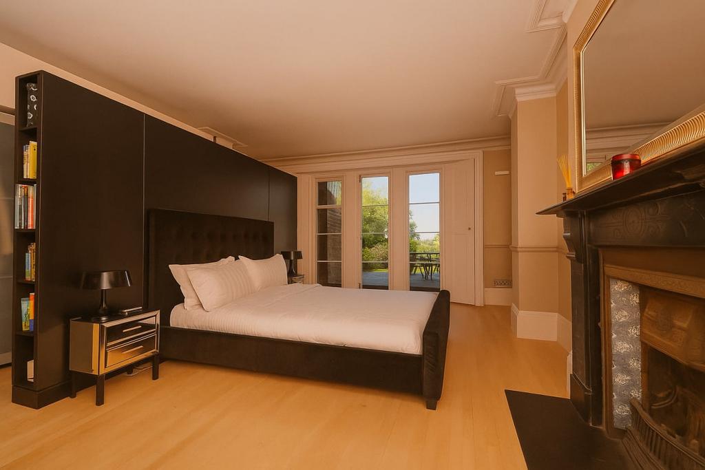 The raised ground floor features a magnificent double reception room with high ceilings, tall sash windows, and French doors opening onto a balcony overlooking the garden. The space is perfect for both entertaining and family living, with oak floors, a decorative period fireplace, and abundant natural light throughout. The adjoining kitchen is fully fitted with shaker-style cabinetry, black granite worktops, and integrated appliances. On the lower ground floor are three generous bedrooms, each with access to or outlooks over the garden. The principal bedroom suite includes a luxurious ensuite bathroom with a freestanding tub and separate shower, while the second bedroom also benefits from an ensuite. A third family bathroom serves the remaining bedroom. A practical utility room and vault storage complete this floor.
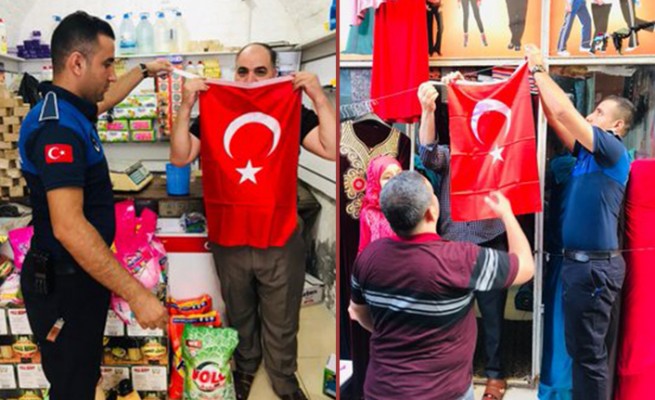 Eyyübiye Belediyesine bağlı Zabıta Müdürlüğü ekipleri, Çarşı bölgesi olarak adlandırılan alanda bulunan esnaf ve vatandaşlara Türk Bayrağı dağıttı. Esnaf ve vatandaşlar, bayraklara yoğun ilgi gösterirken, sınırda operasyonda bulunan askerlere de dua etti.
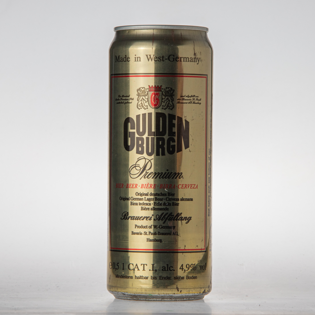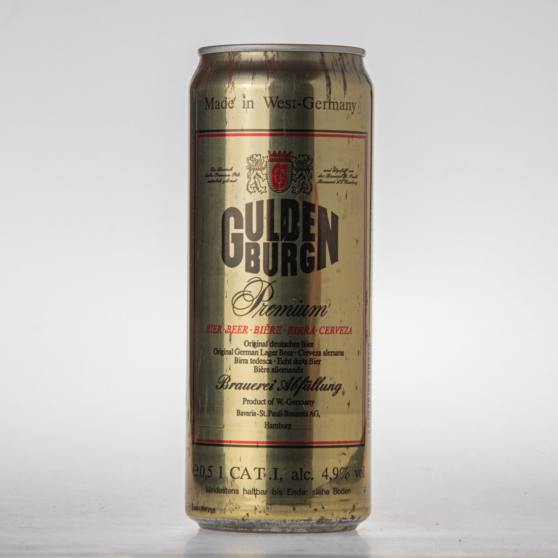Made in West-Germany / Ein klassisch herbes Premium Pils natürlich gebraut und abgefüllt von der Bavaria-St. Pauli Brauerei AG Hamburg / GULDENBURG / Premium / BIER BEER BIERE BIRRA CERVEZA / Original deutsches Bier Original German Lager Cerveza alemana Birra tedesca Echt duits Bier Biere allemande / Brauerei Abfüllung / Product of W.-Germany / Bavaria-St.Pauli-Brauerei AG, Hamburg / e 0,5l CAT. I, alc. 4,9% vol / Mindestens haltbar bis Ende: siehe Boden
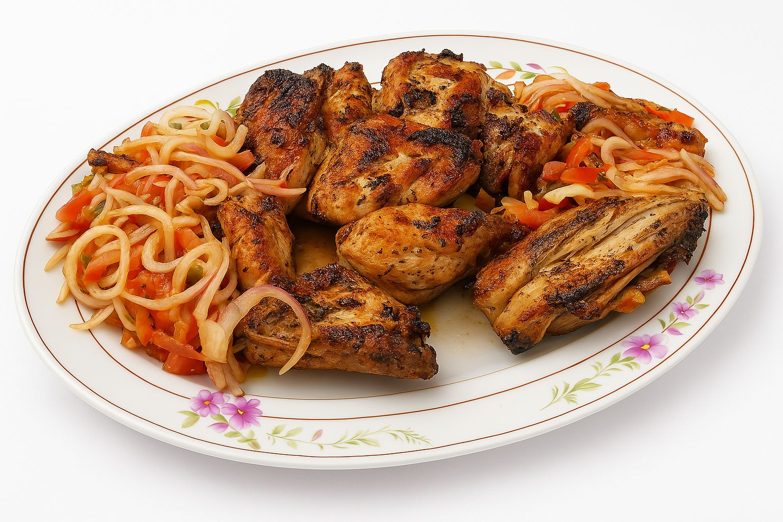 Plat de poulet épicé préparé avec des oignons marinés
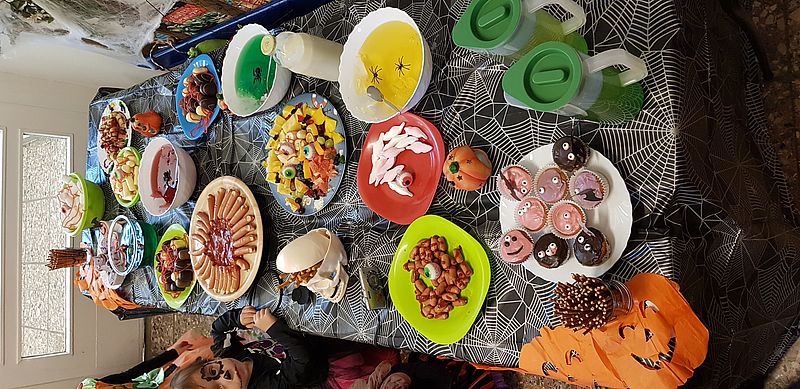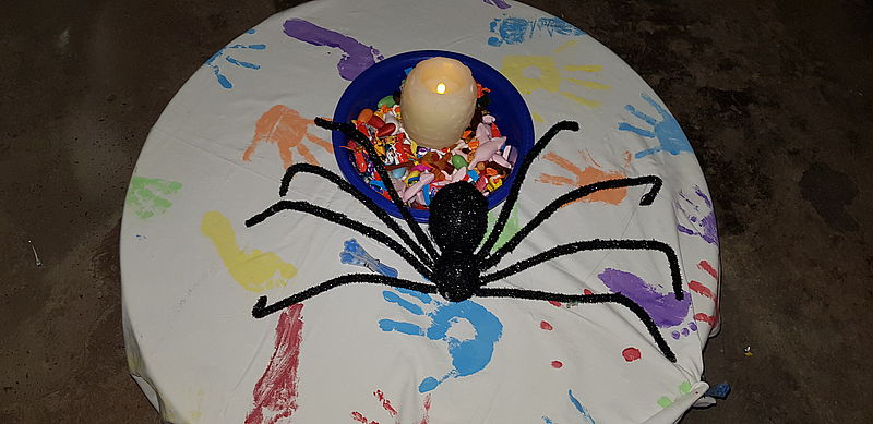 Ein besonders großes Dankeschön geht an Sandra und Swetlana, die unseren alten Keller in ein "Gruselkabinet" für Kinder verwandelt haben. Alle Kinder hatten so viel Spaß und konnten sich süßes unter einer riesengroßen Spinne erkämpfen, fassten mutig in Tastboxen indenen guselige Dinge lagen. Aber ich möchte auch den Eltern danken, die wiedermal sehr fleißig waren und viele leckere Dinge für das Bufett, aber auch zum Dekorieren mitgebracht haben.
------------------------------------
TASK OBJECTIVE -
Could you transcribe exactly the lines from the start of the records through the line containing "Plat de poulet", both ends included, leaving the pictures out?

RESULT FOR THIS TASK -
 The raised ground floor features a magnificent double reception room with high ceilings, tall sash windows, and French doors opening onto a balcony overlooking the garden. The space is perfect for both entertaining and family living, with oak floors, a decorative period fireplace, and abundant natural light throughout. The adjoining kitchen is fully fitted with shaker-style cabinetry, black granite worktops, and integrated appliances. On the lower ground floor are three generous bedrooms, each with access to or outlooks over the garden. The principal bedroom suite includes a luxurious ensuite bathroom with a freestanding tub and separate shower, while the second bedroom also benefits from an ensuite. A third family bathroom serves the remaining bedroom. A practical utility room and vault storage complete this floor.
 Eyyübiye Belediyesine bağlı Zabıta Müdürlüğü ekipleri, Çarşı bölgesi olarak adlandırılan alanda bulunan esnaf ve vatandaşlara Türk Bayrağı dağıttı. Esnaf ve vatandaşlar, bayraklara yoğun ilgi gösterirken, sınırda operasyonda bulunan askerlere de dua etti.
Made in West-Germany / Ein klassisch herbes Premium Pils natürlich gebraut und abgefüllt von der Bavaria-St. Pauli Brauerei AG Hamburg / GULDENBURG / Premium / BIER BEER BIERE BIRRA CERVEZA / Original deutsches Bier Original German Lager Cerveza alemana Birra tedesca Echt duits Bier Biere allemande / Brauerei Abfüllung / Product of W.-Germany / Bavaria-St.Pauli-Brauerei AG, Hamburg / e 0,5l CAT. I, alc. 4,9% vol / Mindestens haltbar bis Ende: siehe Boden
 Plat de poulet épicé préparé avec des oignons marinés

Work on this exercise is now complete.